Extract Command¶

The wpextract extract command converts the WordPress API response format into a usable dataset for downstream tasks.

Command Usage¶

$ wpextract extract json_root out_dir

json_root: A directory containing a JSON dump of the data files, such as one generated with wpextract download.
out_dir: A path to output the extracted JSON to. It must be an existing empty directory or a non-existent directory which will be created.

optional arguments

--scrape-root SCRAPE_ROOT: Root directory of an HTML scrape, see scrape crawling.
--json-prefix JSON_PREFIX: Prefix to use for input and output filenames, e.g. supplying 20240101-example will output posts to out_dir/20240101-example-posts.json

logging

--log FILE, -l FILE: File to log to, will suppress stdout.
--verbose, -v: Increase log level to include debug logs

Extraction Process¶

1. Scrape Crawling (optional)¶

If a scrape is provided with the --scrape-root argument, it is first crawled to map the correspondence between the HTML files on disk and the post URLs.

Website scraping tools may store a webpage at a path that is not easy to derive from the URL (e.g. because of path length limits). For this reason, we crawl the scrape directory and build a mapping of URL to path.

For every html file at any depth in the scrape directory, we:

Perform a limited parse of only the link and meta tags in the file's head.
Attempt to extract a valid URL from a link tag with rel="alternate" or canonical meta tag
Check the URL has not previously been seen, warn and skip if it has
Add the URL to the map with the absolute path of the file

This map is then saved as url_cache.json in the scrape directory. If an existing cache file is detected, it will be used instead of scraping again, unless a breaking change has been made to the file schema.

2. Content Extraction¶

Each type of content (posts, pages, media etc) is now extracted in turn.

The extraction process is applied to all posts simultaneously in the following order:

Extract raw text from the HTML-formatted title and excerpt.
Parse the HTML content from the API response input.
Parse the HTML content from the scrape file, if it was found for the link during the crawl
Extract the post's language and translations from the scrape file
Translations are detected using the translation pickers (implementing LangPicker)
Custom pickers can be added if using this tool as a library
Any extracted translations are stored as unresolved links
Add the post's link to the link registry¹
Using the parsed API content response, extract:
Internal links (stored as unresolved links)
External links (stored as resolved links)
Embeds (iframe tags)
Images (stored as unresolved media if internal, resolved media if external), including their source URL, alt text and caption (if they are in a figure)
Raw text content, via the following process:
1. Remove tags which contain unwanted text (e.g. figcaptions)
2. Replace <br> tags and <p> tags with newline characters
3. Combine all page text

Other types are extracted in similar ways.
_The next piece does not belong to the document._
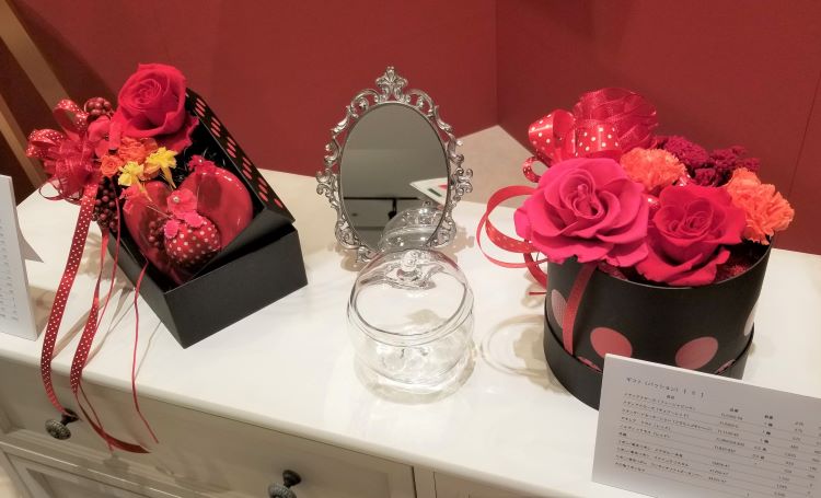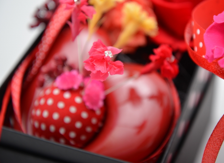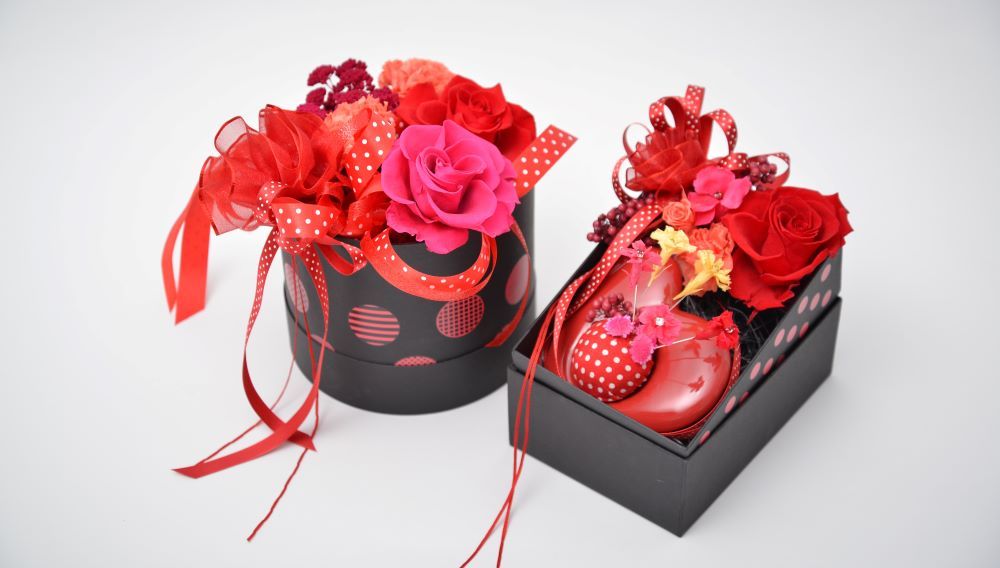 黒いボックスでぐっと引き締めてシックにまとめつつ、リボンやボックスにあしらった水玉模様でちょっとポップさもプラス。

Any additional user-supplied fields with HTML formatting (such as media captions) are also extracted as plain text.

4. Translation Normalisation and Link Resolution¶

Translations are normalised by checking that for every translation relation (e.g. en -> fr), the reverse exists. If not, it will be added.

After all types have been processed, the link registry is used to process the unresolved links, translations and media.

For every resolution, the following steps are performed:

Remove the preview_id query parameter from the URL if present
Attempt to look up the URL in the link registry
If unsuccessful, use a heuristic to detect category slugs in the URL and try without them
We do this in case sites have removed category slugs from the permalink at some point.
If unsuccessful, warn that the URL is unresolvable

For each resolved link, translation, or media, a destination is set containing its normalised URL, data type, and ID.

5. Export¶

The columns of each type are subset and exported as a JSON file each to the specified output path, using a prefix if supplied.

The link registry stores a map between URLs of posts, pages, media etc. and their data type and ID. This is later used to resolve hyperlinks and media use. ↩